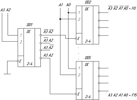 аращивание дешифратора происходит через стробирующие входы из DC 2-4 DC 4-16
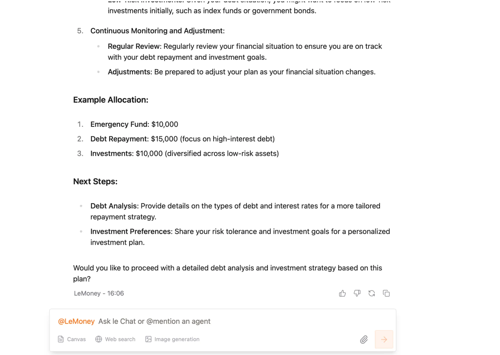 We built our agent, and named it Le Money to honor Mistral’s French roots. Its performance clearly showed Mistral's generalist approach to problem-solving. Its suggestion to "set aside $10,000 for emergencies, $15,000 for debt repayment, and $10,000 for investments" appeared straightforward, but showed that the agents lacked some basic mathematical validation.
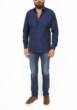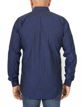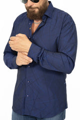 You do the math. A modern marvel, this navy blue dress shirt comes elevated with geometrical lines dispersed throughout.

Your goal: Everything from the line with "We built our" through the last line of the listing above is to be copied exactly, both ends included, except the pictures.

Solution to this problem:
 We built our agent, and named it Le Money to honor Mistral’s French roots. Its performance clearly showed Mistral's generalist approach to problem-solving. Its suggestion to "set aside $10,000 for emergencies, $15,000 for debt repayment, and $10,000 for investments" appeared straightforward, but showed that the agents lacked some basic mathematical validation.
 You do the math. A modern marvel, this navy blue dress shirt comes elevated with geometrical lines dispersed throughout.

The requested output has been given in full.